Tuesday, 5 May 2015

Why Australia doesn't have California's problems with water - free markets


Lots of angry lefties tweet that slightly crass quote about water rights from the boss of Nestlé. They do this because they care about people having the water they need, something we can all agree with. However, the transfer of this concern from rhetoric into public policy is a problem. Quite simply because, as Californians have discovered, the supply of water is a really big deal. And it's down to the weather (you can all argue the toss about whether it's climate change or not if you like but that won't change a thing):

California has a history of droughts lasting as long as 200 years.  You can dam every canyon in California and line the coast with desalination plants, and you won’t solve the water shortage in a 200-year drought, or even a ten-year drought.  Under the current allocation and pricing system, California will simply consume every new drop of water produced. We will have a water shortage all the same. 
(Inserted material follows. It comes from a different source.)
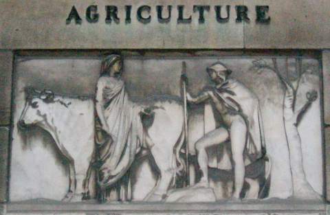 Jean-Joseph Espercieux (1757-1840) La fontaine est décorée de quatre bas-reliefs : l'Agriculture, la Paix, le Commerce et les Sciences et les Arts. |

So the question is what to do to ensure that the need for water in the Sunshine State is met. And most solutions offered are either stupid (ban the extraction of water for bottling) or totalitarian (rationing the supply of water). The right approach is (and this is why the Nestlé chap has a point) about ownership of the source and pricing.

By way of contrast, Australia - just as dry and drought-prone as California - doesn't have the same supply problems:

Water markets equipped Australia to endure the 1995-2009 Millennium Drought. This was the worst Australian drought since European settlement. Total water stored declined to just 27 percent of capacity. Yet water trading allowed Australian cities to avoid the most severe water restrictions. It protected agricultural businesses, and it ensured that the country’s endangered habitats and species received adequate water.

Remarkably, in an end-of-drought survey, over 90 percent of Australian farmers reported that water markets were important to their businesses’ survival. There are many lessons for California here. A key one is that the tension between water users is completely the creation of policy. There is no need for the tensions between the agricultural industry and California’s cities, between growers and endangered fish, between Hillsborough and Westborough, between neighbors. Water markets can balance competing uses in a way that benefits all.

To work, markets need something to trade. The basis for trade in a functioning water market is exclusive access to a share of water from a specific body. Australian water laws provide this. California’s water laws do not.

Sadly the article concludes that politicians in California are unlikely to be liberalising water markets. Just goes to show how stupid us politicians are really.